Члены диаспоры, созданной политической эмиграцией, думали о возвращении и ждали благоприятной возможности. Многие принципиально не принимали гражданства других стран, сохраняя статус беженца. Экономические эмигранты ехали в Америку, в Австралию, из политических туда направлялись только не верящие в скорую смену режима, остальные предпочитали быть ближе к венгерской границе. В ХХ в. кое-кому даже третья мировая война, при всем страхе перед ней, казалась желанной, поскольку она создавала предпосылки для освобождения родины от советской оккупации.
В эмиграции венгры создавали институции, помогающие выжить, поэтому едва ли не самые распространенные организации в диаспоре — кассы взаимопомощи. Так, «Общество помощи им. Верховаи», основанное в 1886 г. тринадцатью бедными горнорабочими, к середине 1920-х имело 15 тысяч членов, имущество общества оценивалось в 1636 тысяч долларов (с. 100).
Представители диаспоры с самого начала участвовали в политической и экономической жизни стран проживания. Во время войны Аргентины и Парагвая в аргентинской армии служил инженер-генерал Янош Цец, парагвайские укрепления строил полковник Ференц Визнер, а примирить стороны пытался третий венгр, посол США в Аргентине Шандор Ашбот. Автор проекта знаменитого «Форда Т» Йо- жеф Галамб стал главным инженером автозавода и получал такую же зарплату, как президент США (с. 109).
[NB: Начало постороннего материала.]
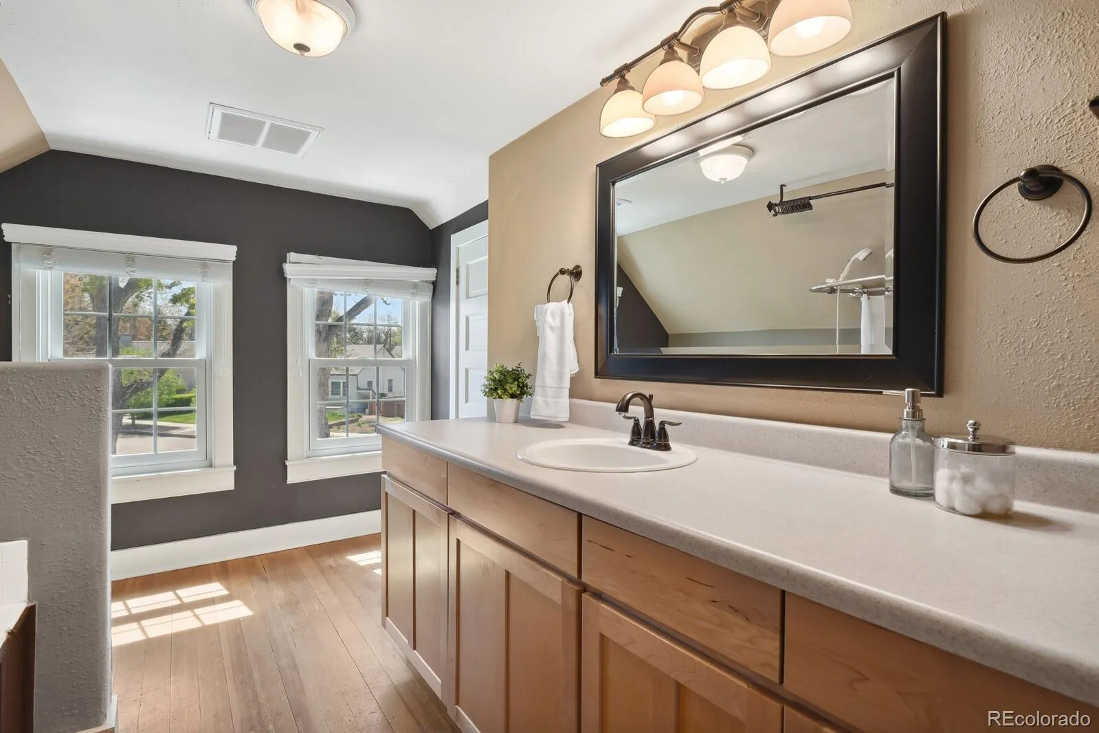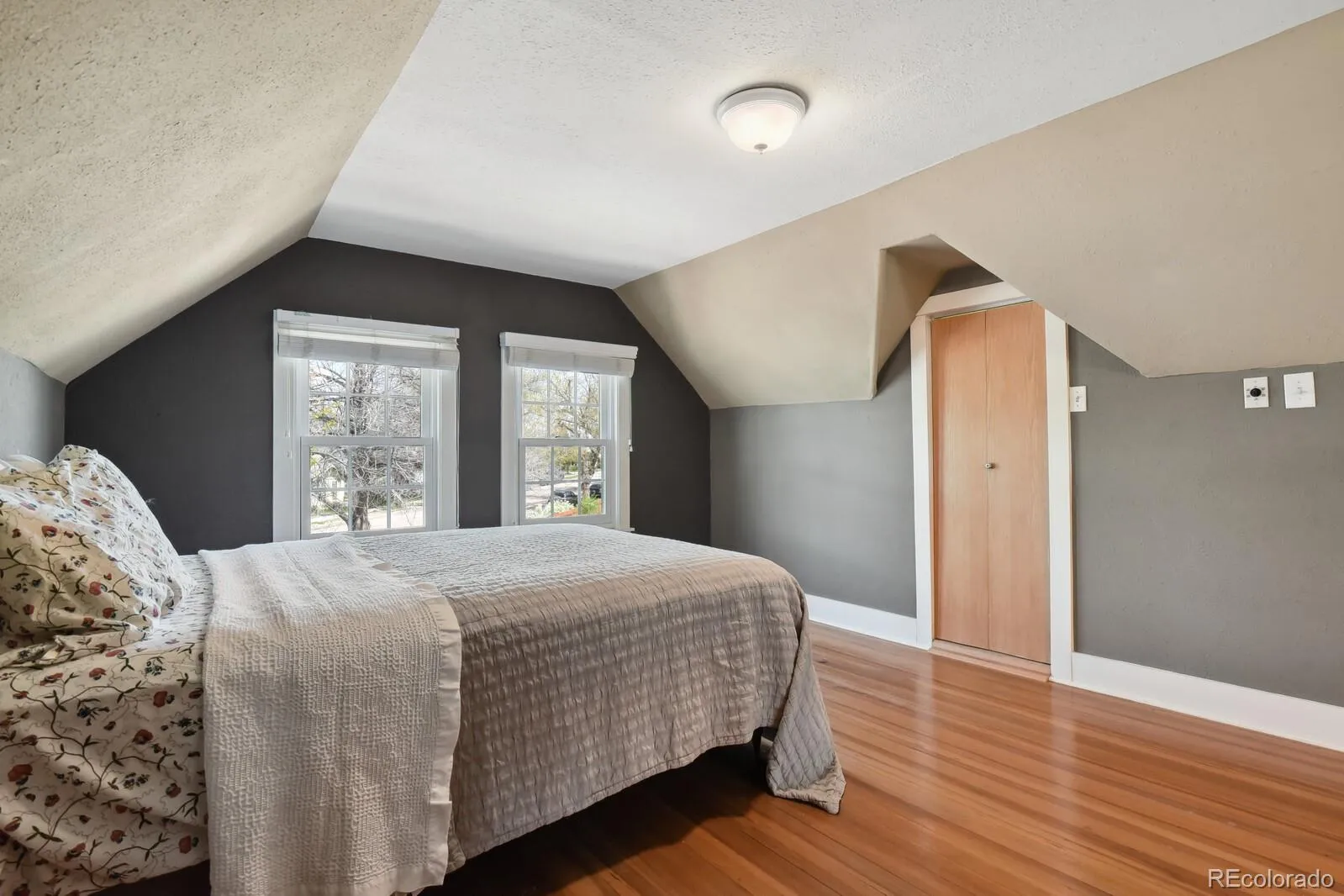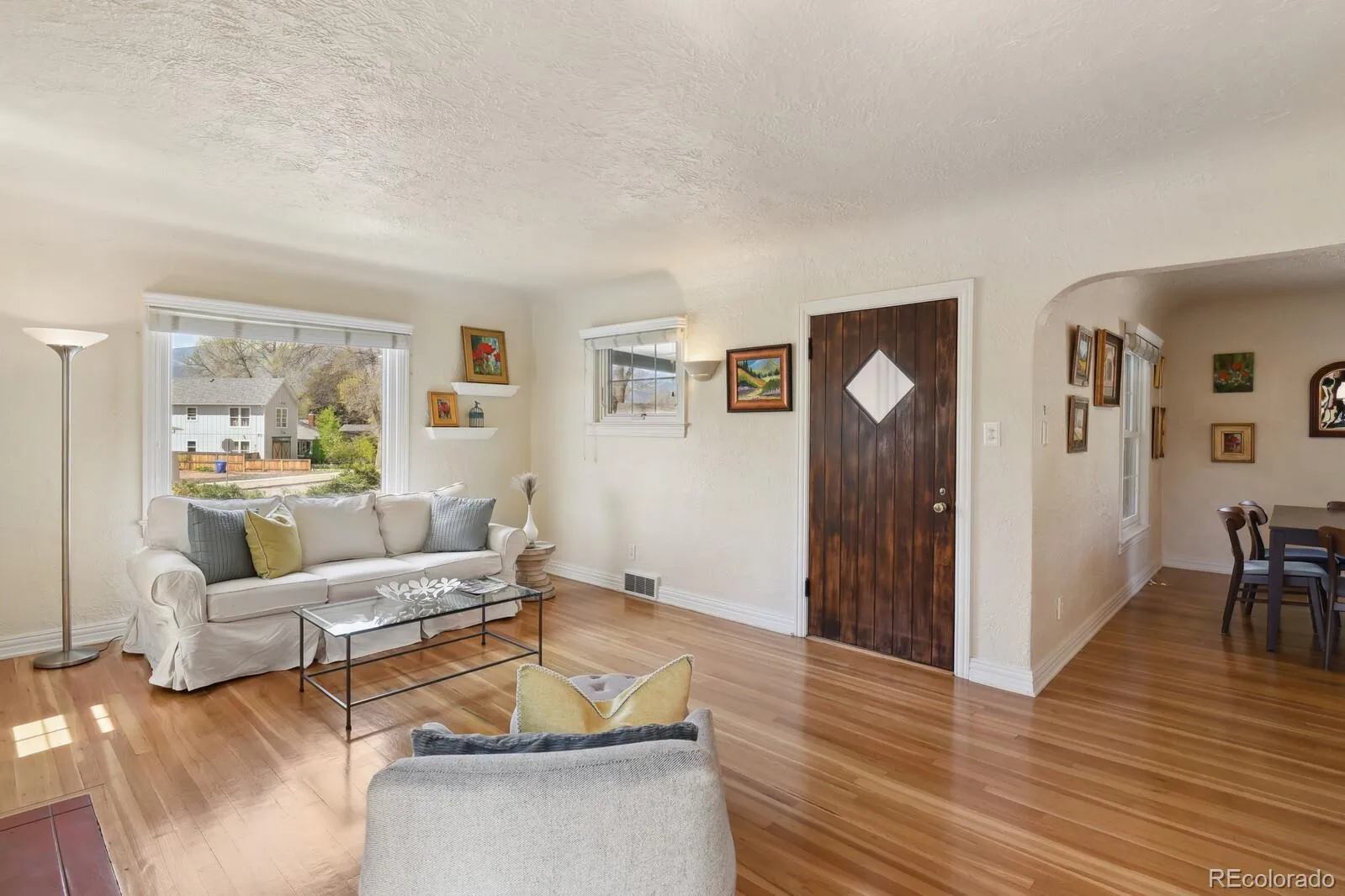 Charming 1938 Tudor home situated on a corner lot with Pikes Peak Views, covered front porch, and a fully fenced in yard. Located in the desirable Shooks Run neighborhood, this beauty has four bedrooms, four bathrooms, and a two car garage. Upon entering the home, you will be bathed in warm and abundant light from the large bay window and stunning Pikes Peak views. Original wood floors, quaint architectural period details, coved ceilings, and gas fireplace complete the picture book charm of the living room. French doors from the living room lead to the private backyard with mature landscaping and artificial grass for seasonal low maintenance. The living room opens up to the large dining room and leads to the kitchen with new stainless steel dishwasher, tile flooring, recessed lighting, refrigerator, gas range, and overhead microwave. There is access from the kitchen to the driveway and two car garage for extra added convenience. There are two main level large bedrooms and a 3/4 bathroom, one of the bedrooms could be used as a primary. Upper level bedroom suite has an adjoining full bathroom with soaking tub and walk-in closet. The lower level has original cedar wood ceilings/wall surround with an oversized family room and additional bedroom/bath. The 4th bedroom has an en-suite with a walk-in closet, full adjoining bathroom, and an egress window. The full bathroom has been updated with tile flooring, subway tile surround, fixtures, and a pedestal sink. Beautiful hard flooring throughout—no carpet to worry about. Some updates include, new Anderson windows, new roof (20), A/C (24), furnace (12), lighting, gutters (20), radon mitigation, and professional landscaping. There is additional storage in the attic with a door for easy access. This home offers exceptional walkability, with easy access to nearby parks, scenic trails, restaurants, coffee shops, hospital, Olympic Training Center, entertainment, and the vibrant downtown area—all just a short stroll away!
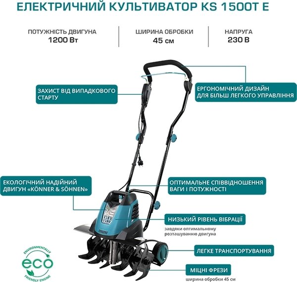- Культиватор електричний Konner&Sohnen KS 1500T E, 230В, 1500Вт (KS1500TE)
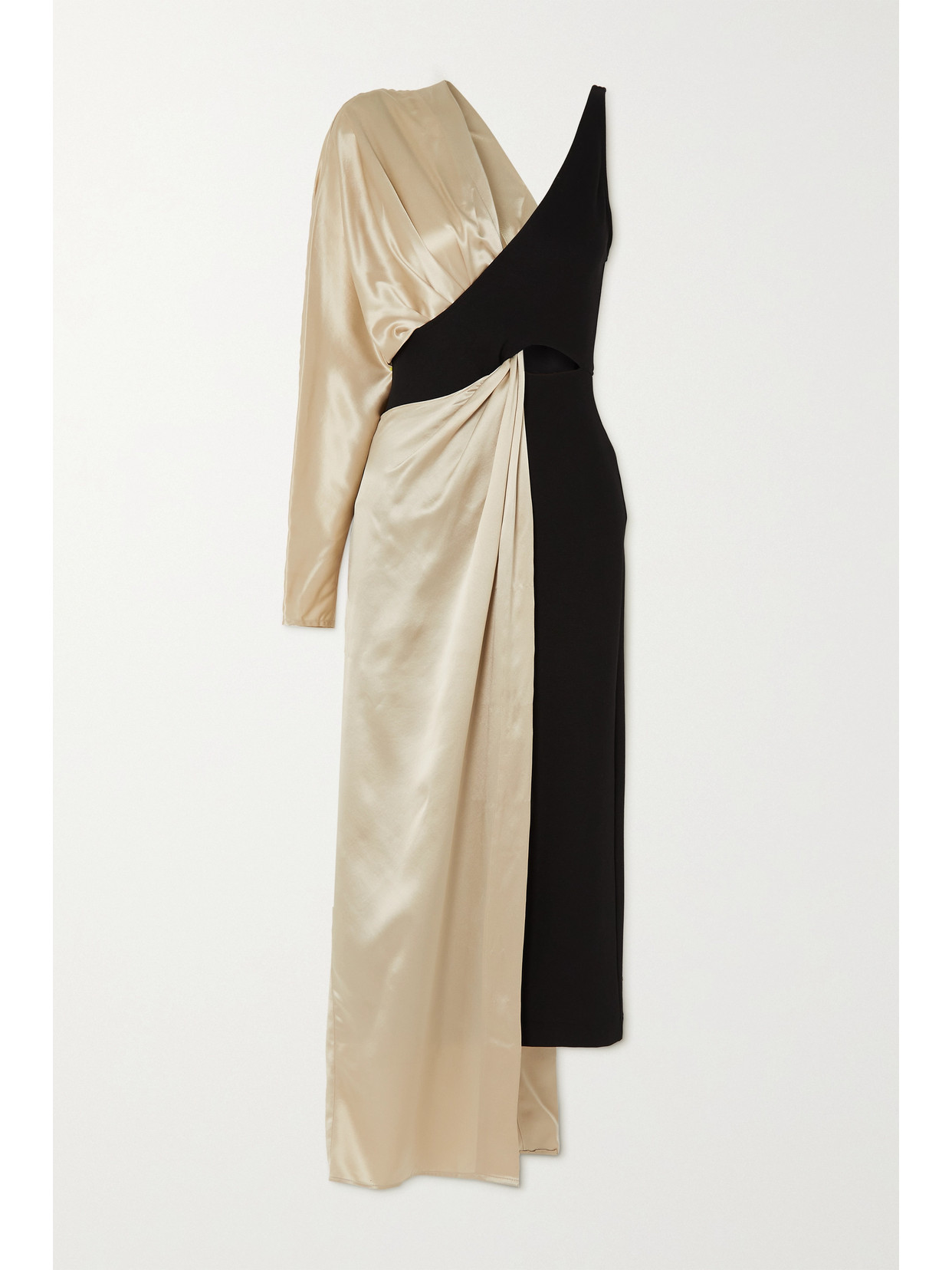 ARTCLUB produces its designs in limited runs to ensure minimal waste. Made locally in Australia, this 'Assisi' dress is cut from a combination of smooth piqué and silk-satin that drapes so elegantly. Highlight the plunging V-neck and bare arm by sweeping your hair back behind your ears.

При этом у многих семей на протяжении жизни двух-трех поколений связь с родиной и языком становилась довольно слабой. «Для первых американских венгров церковь, церковный приход были всем», — вспоминал пастор Имре Берталан (с. 332), но он же отмечал, что в 1980-е гг. в Детройте в самой большой реформатской церкви службу на английском посещали 200— 300 человек, на венгерском — только 100—150. В начале 1960-х в Канаде из 36 тысяч венгерских детей только 11 тысяч знали родной язык (с. 553). В первом поколении детей венгерских эмигрантов в США только 6% обучались в венгерских воскресных школах, во втором — 1% (с. 562). О венгерской молодежи в США в 1923 г. писали, что она еще стремится заключать браки в своем кругу, говорить в семье по-венгерски, но читать и писать на этом языке уже не умеет (с. 546). В России осталась часть венгерских пленных Первой мировой войны: кто-то участвовал в революции, а кто-то просто обзавелся семьей и хозяйством. На Дальнем Востоке они основали даже несколько поселков с венгерскими названиями — в Мадьярфалу жило более 300 венгров (с. 238). Но их дети венгерского языка уже не знали. В Бразилию эмигрировало около 100 тысяч человек, сейчас их потомки язык утратили, хотя и сохраняют интерес к своей исторической родине (с. 340). Характерно, что принимающие страны, как правило, не мешали созданию венгерских организаций, полагая, что они позволят диаспоре укрепиться на новом месте и, в конечном счете, ассимилироваться.
Дети эмигрантов все меньше говорят на родном языке и все успешнее интегрируются в жизнь страны проживания. Уровень занятости детей венгерских эмигрантов выше среднеамериканского (с. 554). Вряд ли что-то связывает с Венгрией бывшего президента Франции Николя Саркози, хотя его отец эмигрировал из этой страны в 1944 г.
Авторы книги приходят к выводу, что надежды сохранить национальную культуру за рубежом иллюзорны. В диаспоре какое-то время выживает политическая и отчасти литературная пресса, поддерживаемая политической эмиграцией. Однако Д. Фекете отмечал, что без постоянного притока новых эмигрантов из Венгрии в США там давно бы закрылась последняя венгерская газета (с. 556). Венгерская эмиграция в Аргентину в 1947—1951 гг. состояла из дипломированных специалистов, офицеров, журналистов, деятелей культуры и искусства, которые основали много культурных центров, издательств, газет. Но все это продержалось только при жизни поколения их создателей.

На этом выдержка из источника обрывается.